#### Work instructions:
Ignoring every picture, transcribe the data in full as it stands.

#### Dataset section:
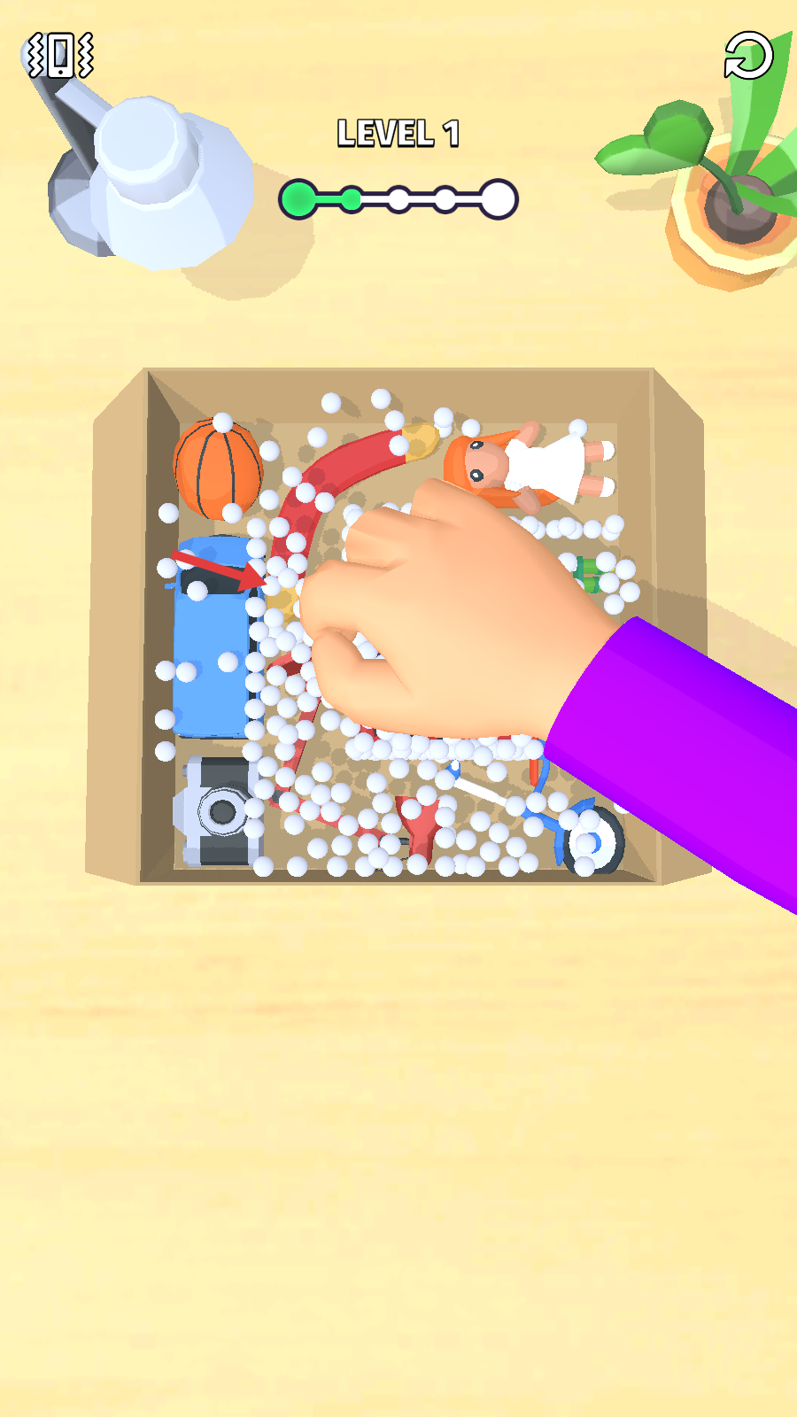 2、放入玩具后,长按屏幕放出白色小球,填满盒子,用来确保玩具不容易损坏。
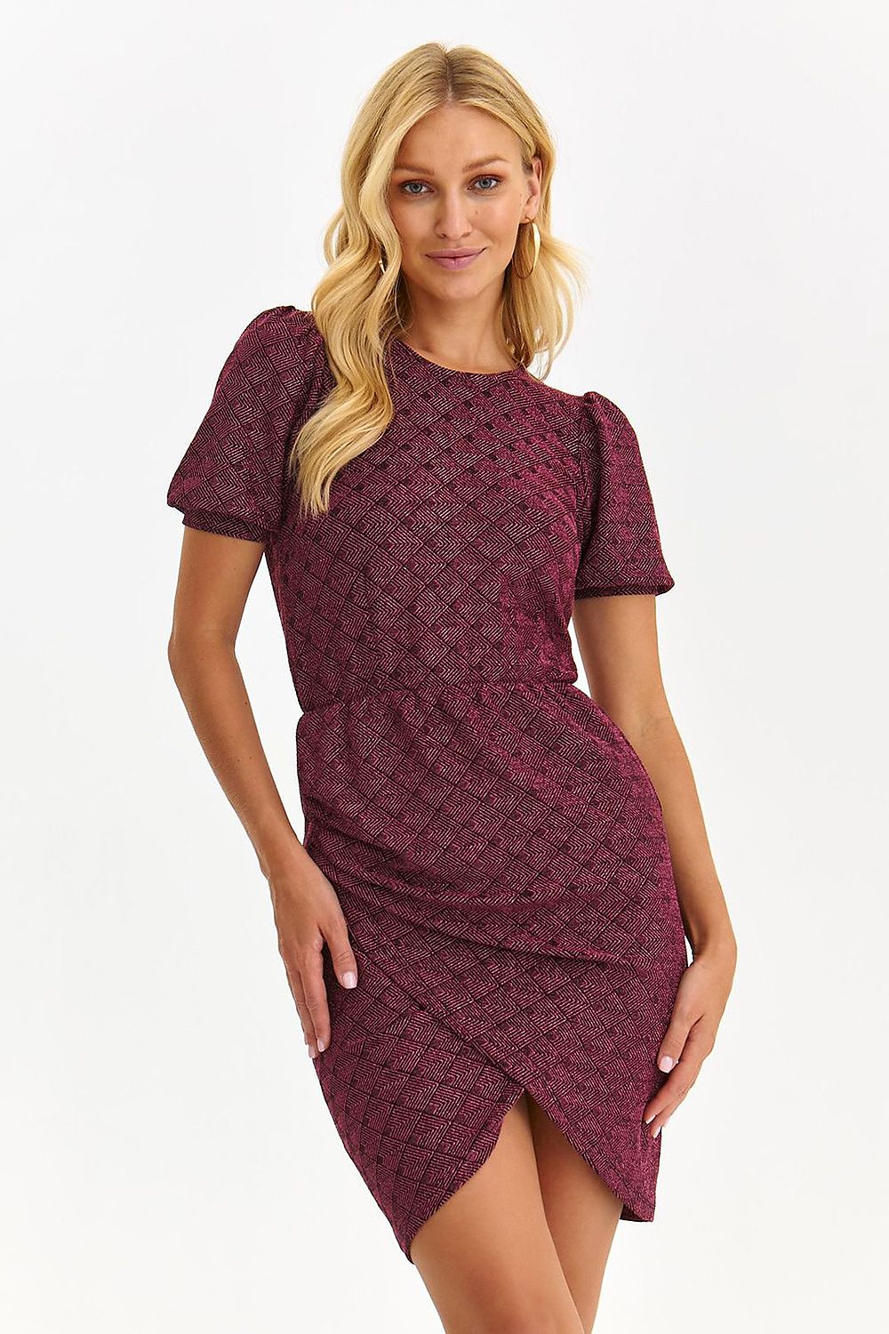 An incredibly glamorous and graceful women's mid-thigh length dress with a ruffled envelope front bottom. It has short buffet sleeves finished with a ribbed hem and a round neckline at the front. It is made of a very nice-to-touch knitwear with addition of metallic yarn. Great for a variety of outfit and party styling. The dress is available in pink.
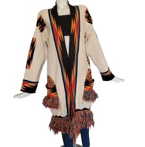 Thiz open front cardigan features a unique combination of leopards and contrast geometric patterns on a cream base.Shawl collar design, fringe at hem, patch pockets, and detachable Waist belt.

#### Answer to this task:
 2、放入玩具后,长按屏幕放出白色小球,填满盒子,用来确保玩具不容易损坏。
 An incredibly glamorous and graceful women's mid-thigh length dress with a ruffled envelope front bottom. It has short buffet sleeves finished with a ribbed hem and a round neckline at the front. It is made of a very nice-to-touch knitwear with addition of metallic yarn. Great for a variety of outfit and party styling. The dress is available in pink.
 Thiz open front cardigan features a unique combination of leopards and contrast geometric patterns on a cream base.Shawl collar design, fringe at hem, patch pockets, and detachable Waist belt.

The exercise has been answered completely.